In addition, the present disclosure also provides an image processing apparatus, an electronic device, a computer-readable storage medium, and a program, which can be used to implement any one of the image processing methods provided by the present disclosure, and the descriptions and corresponding descriptions of the corresponding technical solutions and the corresponding descriptions in the methods section are omitted for brevity.

Fig. 12 shows a block diagram of a motion recognition apparatus according to an embodiment of the present disclosure, which, as shown in fig. 12, includes:

a target part detection module 10, configured to detect a target part of a human face in a detection image;

a target image intercepting module 20, configured to intercept, from the detection image, a target image corresponding to the target portion according to a detection result of the target portion;

and the action recognition module 30 is configured to recognize whether a set action is executed by the object to which the face belongs according to the target image.

In one possible implementation, the target portion detection module 10 includes:

In one possible implementation, the apparatus further includes:

In one possible implementation, the target portion includes a mouth, the face key points include a mouth key point and an eyebrow key point, and the target image capturing module 20 includes:

In one possible implementation, the action recognition module 30 includes:

the classification processing submodule is used for:

In one possible implementation, the apparatus further includes:

Fig. 13 shows a block diagram of a driver state analysis apparatus according to an embodiment of the present disclosure, which includes, as shown in fig. 13:

a driver image acquisition module 100 for acquiring a detection image for a driver;

a motion recognition module 200, configured to recognize whether a driver executes a set motion by using any one of the motion recognition apparatuses described above;

a state identification module 300 for determining the state of the driver based on the identified action.

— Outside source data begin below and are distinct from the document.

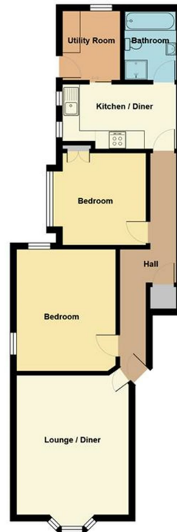
7, Lake Road, Lytham St Annes, FY8 1BE

John Ardern & Company for themselves and their clients declare that they have exercised all due diligence in the preparation of these details but can give no guarantee as to their veracity or correctness. Any electrical or other appliances included have not been tested, neither have drains, heating, plumbing and electrical installations. All purchasers are recommended to carry out their own investigations before contract. Details Prepared May 2025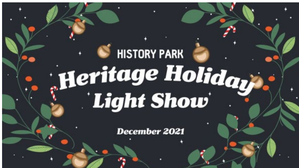
Light Show: December 3-5

*There is a fee associated with this event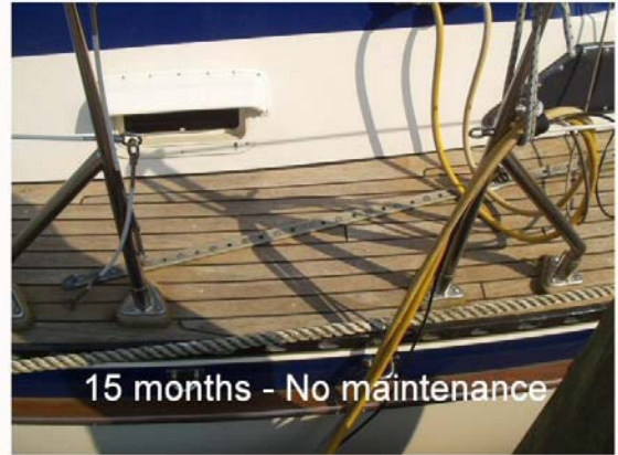
15 months - No maintenance

Walked on at least 5000 times during this test, traffic areas showed almost no wear.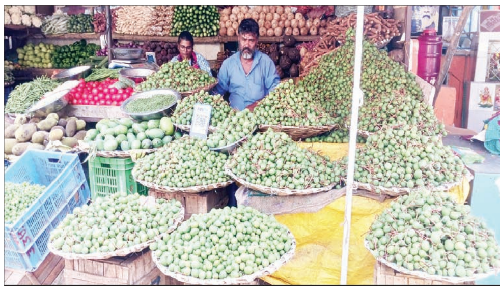
By Our Staff Reporter

'Vadumaanga' and watermelon signal the arrival of summer. 'Vadumaanga' is especially popular among the Brahmin community. A number of vendors were seen selling the tender mangoes on Station Road, West Mambalam.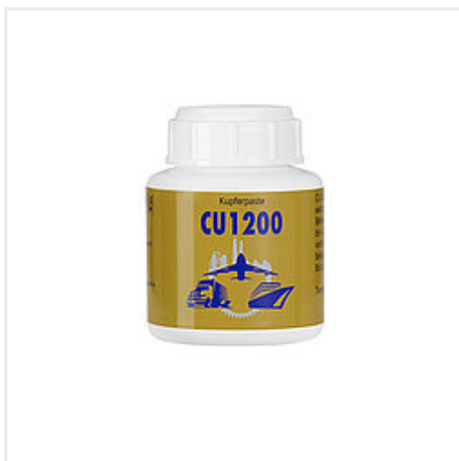
Item no. 810 800 Brush can 140 g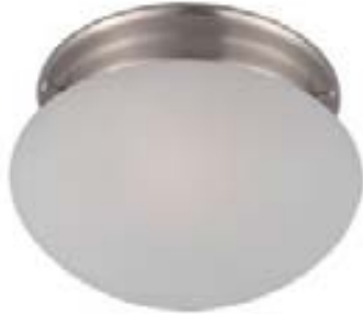
5884FTSN Essentials 1-Light Flush Mount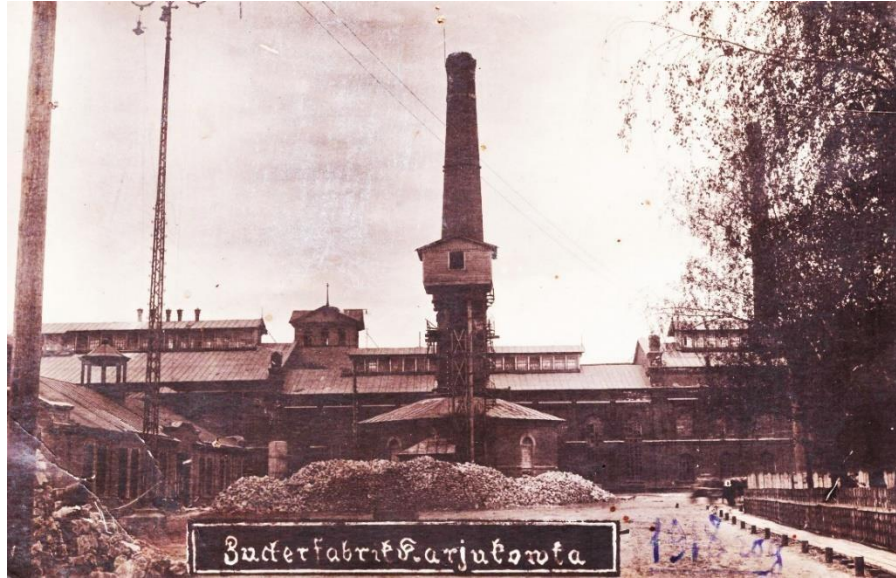
The sugar refinery plant, 1918*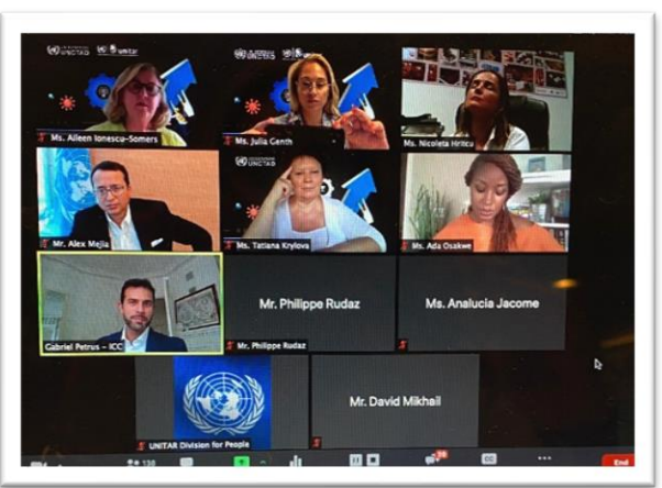
UNCTAD-UNITAR joint webinar on the role of Entrepreneurship in post COVID 19 Resurgence held on 18 September 2020.

The first Virtual Roundtable took place on 18 September 2020 and was attended by about 180 online participants. During the animated discussions, entrepreneurs, policy makers, academics and practitioners shared their views and experiences on the challenges and opportunities entrepreneurs face in the current global crisis.

In one possible implementation, the apparatus further includes:

the action recognition module comprises:

a condition response submodule for recognizing whether the driver performs the set action using the action recognition device according to any one of claims 25 to 42 in response to the vehicle state information satisfying the set trigger condition.

In one possible implementation, the apparatus further includes:

Fig. 14 is a block diagram illustrating a motion recognition device 800 according to an example embodiment. For example, the apparatus 800 may be a mobile phone, a computer, a digital broadcast terminal, a messaging device, a game console, a tablet device, a medical device, a fitness device, a personal digital assistant, or the like terminal.

Referring to fig. 14, the apparatus 800 may include one or more of the following components: processing component 802, memory 804, power component 806, multimedia component 808, audio component 810, input/output (I/O) interface 812, sensor component 814, and communication component 816.

The processing component 802 generally controls overall operation of the device 800, such as operations associated with display, telephone calls, data communications, camera operations, and recording operations. The processing components 802 may include one or more processors 820 to execute instructions to perform all or a portion of the steps of the methods described above. Further, the processing component 802 can include one or more modules that facilitate interaction between the processing component 802 and other components. For example, the processing component 802 can include a multimedia module to facilitate interaction between the multimedia component 808 and the processing component 802.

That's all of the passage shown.